1. The problem statement, all variables and given/known data
So, L2 is defined to be the set of all infinite sequences of real numbers, s.t. the sum of their squares converges:
L2 = {x=(x1,...,xn,...) | $$\Sigma$$xi < $$\infty$$}
we have d(x,y) = $$\sqrt{\Sigma (xi-yi)^2}$$

I need to show that this is a metric, starting by showing that if $$xi,yi\in$$ then $$xi-yi\in$$
2. Relevant equations

definition of a metric

3. The attempt at a solution
so my initial problem was with the first step:
x = (x1,..., xn,....), y = (y1,...,yn,...), and then x - y = (x1 - y1, ...,xn-yn,...)
to show $$xi,yi\in$$, we must show that $$\Sigma (xi -yi) < \infty$$.
First, I broke up the squared quantity to get $$\Sigma (xi^2- 2xi*yi + yi^2)$$.
Carrying the sumation through, $$\Sigma xi^2 < \infty$$ (as for yi^2).
But where I get stuck is how to show or determine that $$\Sigma xi*yi < \infty$$.
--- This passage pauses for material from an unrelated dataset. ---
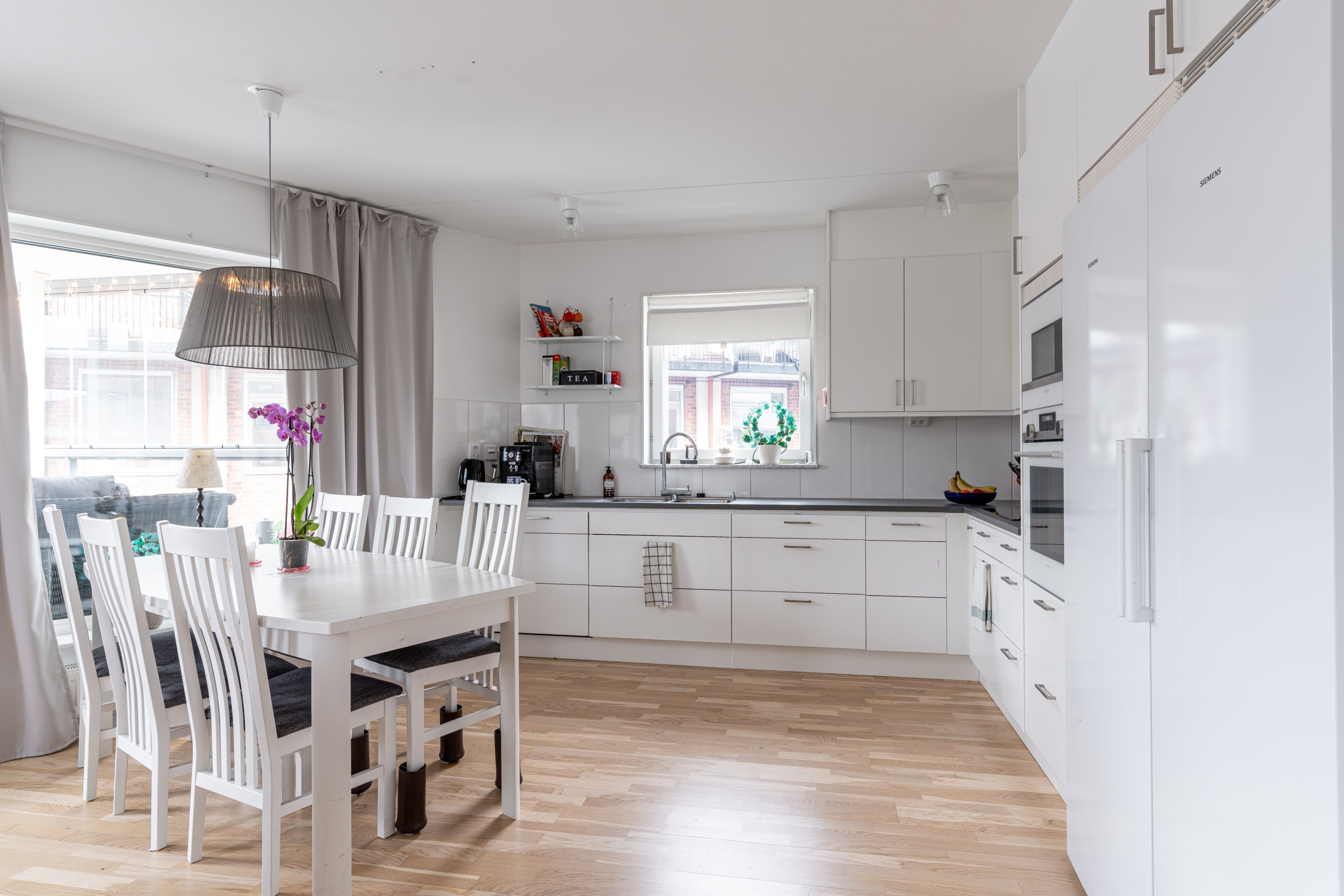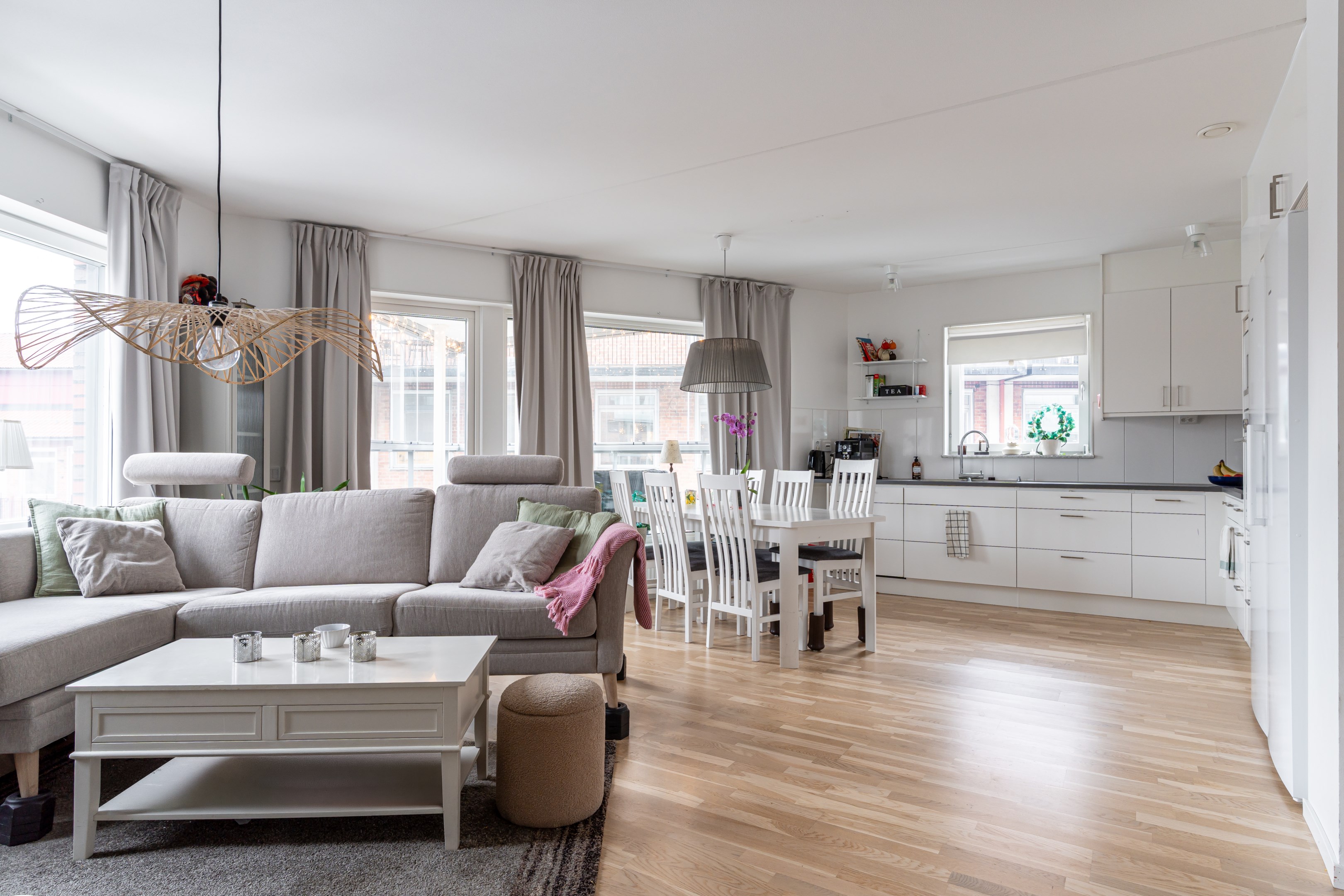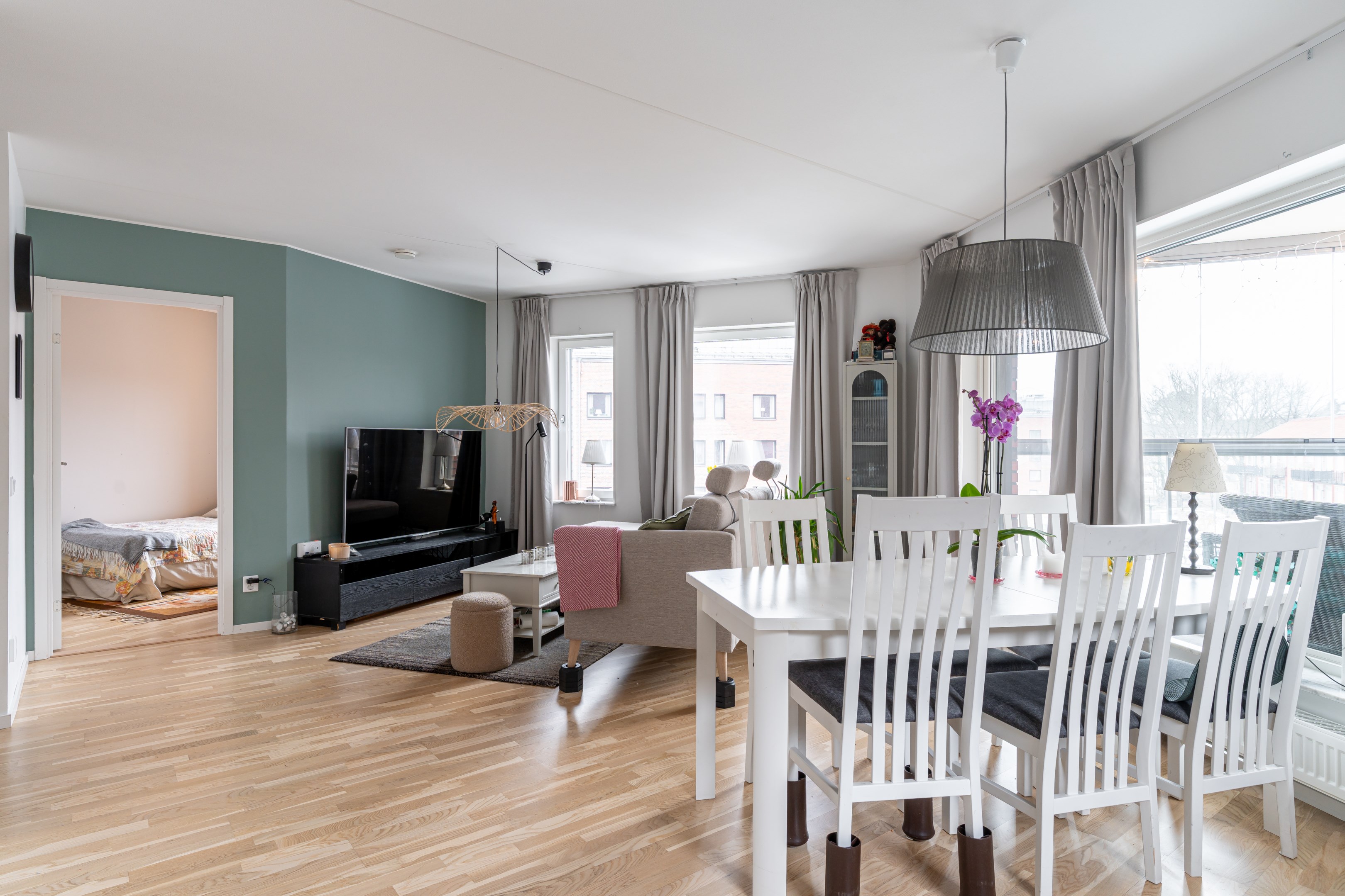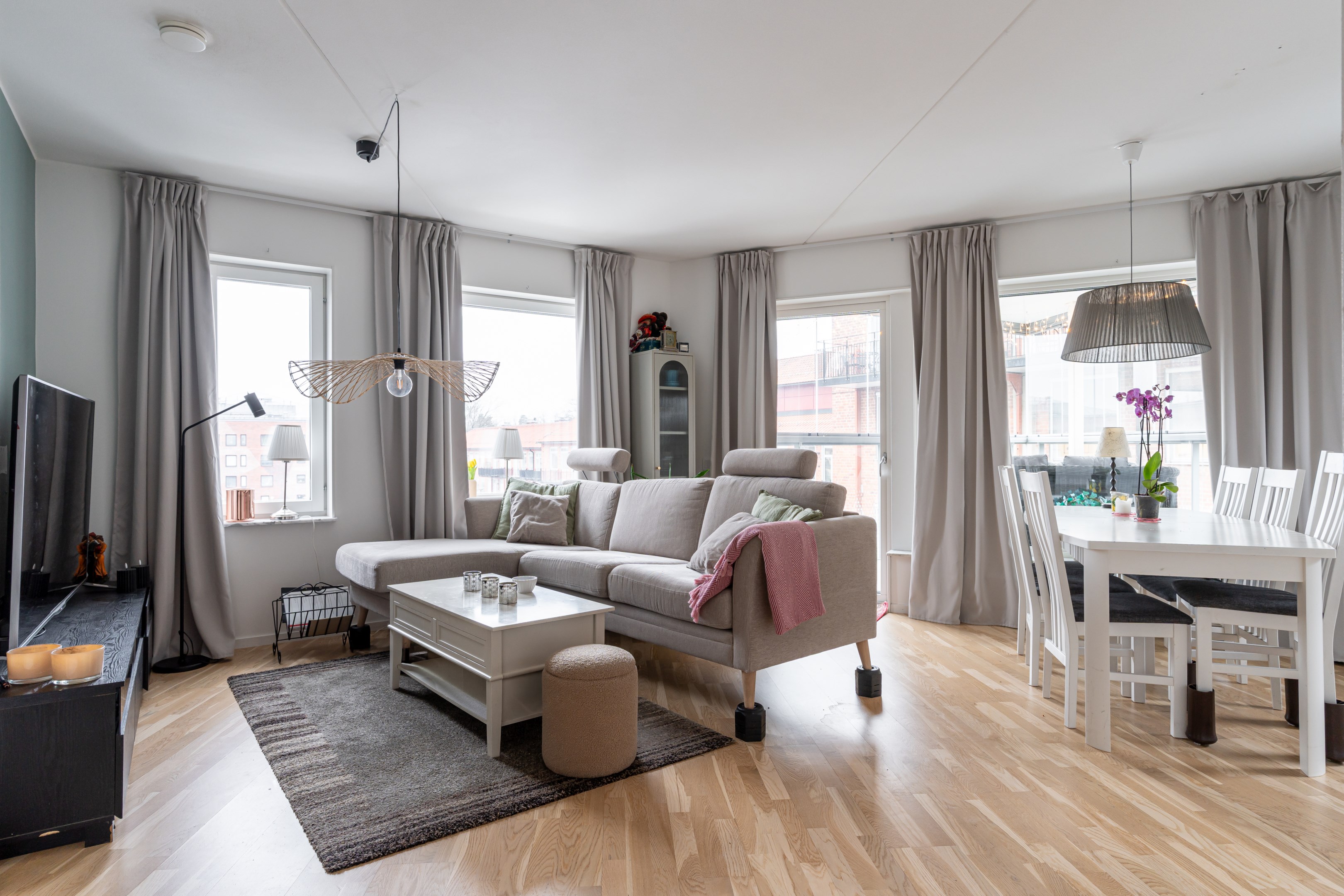 Välkommen till denna trivsamma och välplanerade trea med genomtänkt planlösning som erbjuder både rymd och funktion. Här bor du bekvämt på våning 3 med hiss i huset – ett hem som kombinerar ljus, komfort och låg boendekostnad. Lägenheten präglas av generöst ljusinsläpp från stora fönsterpartier och en öppen, social yta där kök, vardagsrum och den inglasade balkongen samspelar i en tilltalande helhet. Den inglasade balkongen, som går ut i en trekant, ger bostaden en unik karaktär och fungerar som ett extra rum stora delar av året – perfekt för både avkoppling och umgänge. Köket är modernt och stilrent med gott om arbetsytor och förvaring. Två rofyllda sovrum ger flexibilitet för familj, barnrum, gästrum eller hemmakontor. Badrummet är fräscht och funktionellt utrustat. Goda förvaringsmöjligheter finns i lägenheten samt tillhörande förråd. Bostaden har genomgående parkettgolv och ljusa väggar som skapar en harmonisk och inbjudande atmosfär. Säkerhetsdörr bidrar till extra trygghet. I månadsavgiften ingår grundutbud av TV samt snabbt fiberbredband om 1000/1000 Mbit, vilket ger både stabil uppkoppling och låga löpande kostnader. Läget på attraktiva Gideonsberg är mycket bra med närhet till grönområden, service och goda kommunikationer. Här bor du med bekvämt avstånd till universitet, city och handelsområden. I närområdet finns matbutiker, restauranger, apotek och träningsmöjligheter. För dig som pendlar är cykel- och bussförbindelser utmärkta. I föreningen finns gemensam tvättstuga, övernattningsrum och föreningslokal. Det finns dessutom ledig garageplats inom föreningen för den som önskar – en stor fördel i området. Ett perfekt hem för dig som söker en rymlig, bekväm och välbelägen bostad med det lilla extra. Varmt välkomna på visning, anmälan sker på mäklarens hemsida.

So then the first three parts of the definition of a metric ($$d(p,p) = 0, p\rightarrow d(p,q) > 0,$$ and $$d(p,q) = d(q,p)$$) are easy enough to prove assuming $$xi-yi \in L2$$.
I get caught up again in proving that d(p,q) < d(p,r) + d(r,q).
I tried squaring both sides and distributing the summation, but found the resulting right hand side of the equation did not really simplify in a useful way. I'm not really sure where to go from there... any ideas for either of these roadblocks would be greatly appreciated. Thanks.

2. Feb 25, 2008

Dick

Your missing ingredients are various facets of the 'Cauchy-Schwarz inequality'. Look that up.